**DATA FOR THIS EXERCISE:**
◇ ◇ ◇ ◇ ◇ ◇ ◇
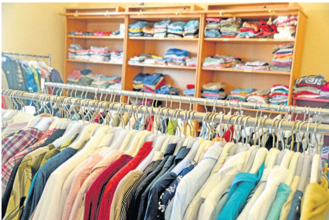
Geordnet: Dank der Spenden konnten die Regale teilweise ausgetauscht werden, um Kleider, Schuhe, Spielzeug usw. besser präsentieren zu können.

Sie ist ein offener Treffpunkt, eine Anlaufstelle für „Neu-Radeberger“ wie beispielsweise Asylsuchende, aber auch ein Raum für Jung und Alt. Hier kann man für den sogenannten „schmalen Taler“ Kleidung, Schuhe, Haushaltswaren, Spielsachen und einiges mehr erwerben. Egal ob man gern nach Second-Hand-Ware schaut, jeden Euro zweimal umdrehen muss oder etwas ganz Spezielles sucht, in der Kleiderkammer des Bündnis Radeberger Land e.V. trifft man auf nette, offene Menschen, die die gespendeten Sachen sortieren, ordnen und an den nächsten Besitzer ausgeben. Einen obligatorischen geringen Wert bezahlt man für die gewählten Sachen, denn der Verein finanziert so die laufenden Kosten des Projektes.
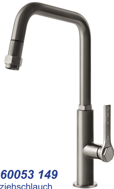
Gessi 60053 149 mit Ausziehschlauch
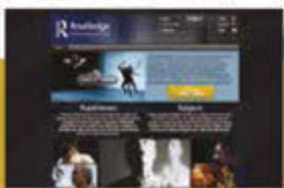
Routledge Performance Archive Routledge 演艺档案
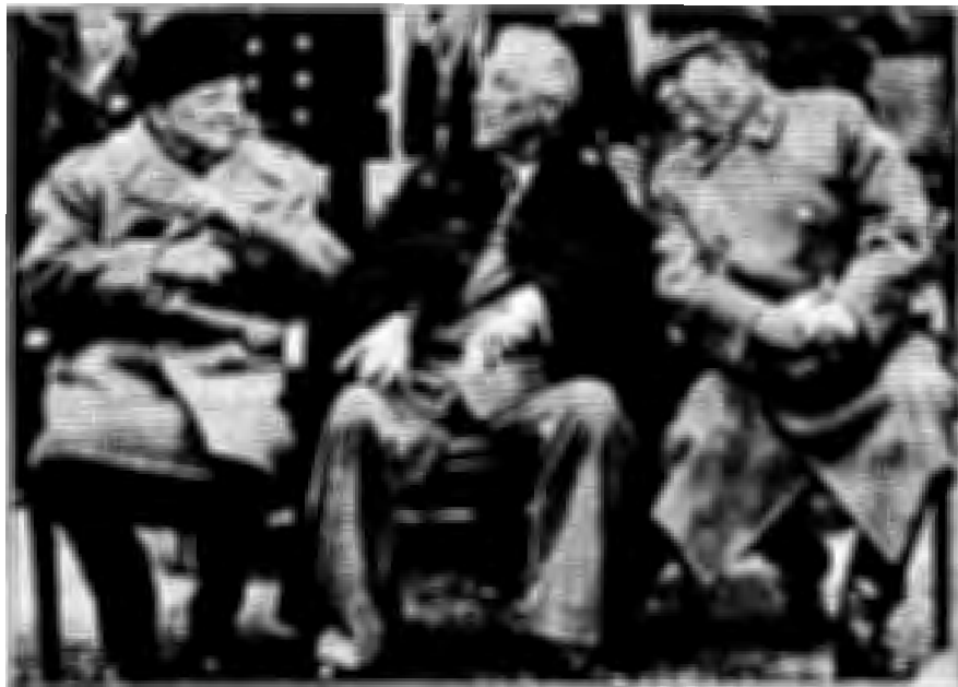
การพบปะขั้นสุดยอดของสามผู้นำฝ่ายสัมพันธมิตรที่จะกำหนดชะตากรรมของยุโรปที่ยึดดาในแหลมไครเมีย กุมภาพันธ์ ค.ศ.๑๙๔๕ จากซ้ายคือ วินสตัน เชอร์ชิล แห่งอังกฤษ แฟรงคลิน ดี. รูสเวลต์ แห่งสหรัฐอเมริกา และ โยเซฟ สตาลิน แห่งสหภาพโซเวียต

๑. สงครามโลกครั้งที่สองเป็นเงื่อนไขจากการที่หลายประเทศตกอยู่ภายใต้การยึดครองของเยอรมนี สภาพความลำบากยากแค้นของประชาชนเป็นไปอย่างรุนแรง และเมื่อแพ้สงคราม พลังการเมืองฝ่ายอื่น เช่น กษัตริย์นิยม หรือ ฟาสซิสต์อ่อนกำลังลง
◇ ◇ ◇ ◇ ◇ ◇ ◇
**YOUR ASSIGNMENT:**
Copy out every line from the material above where the string "Schuhe" turns up.

**EXPECTED ANSWER:**
Geordnet: Dank der Spenden konnten die Regale teilweise ausgetauscht werden, um Kleider, Schuhe, Spielzeug usw. besser präsentieren zu können.
Sie ist ein offener Treffpunkt, eine Anlaufstelle für „Neu-Radeberger“ wie beispielsweise Asylsuchende, aber auch ein Raum für Jung und Alt. Hier kann man für den sogenannten „schmalen Taler“ Kleidung, Schuhe, Haushaltswaren, Spielsachen und einiges mehr erwerben. Egal ob man gern nach Second-Hand-Ware schaut, jeden Euro zweimal umdrehen muss oder etwas ganz Spezielles sucht, in der Kleiderkammer des Bündnis Radeberger Land e.V. trifft man auf nette, offene Menschen, die die gespendeten Sachen sortieren, ordnen und an den nächsten Besitzer ausgeben. Einen obligatorischen geringen Wert bezahlt man für die gewählten Sachen, denn der Verein finanziert so die laufenden Kosten des Projektes.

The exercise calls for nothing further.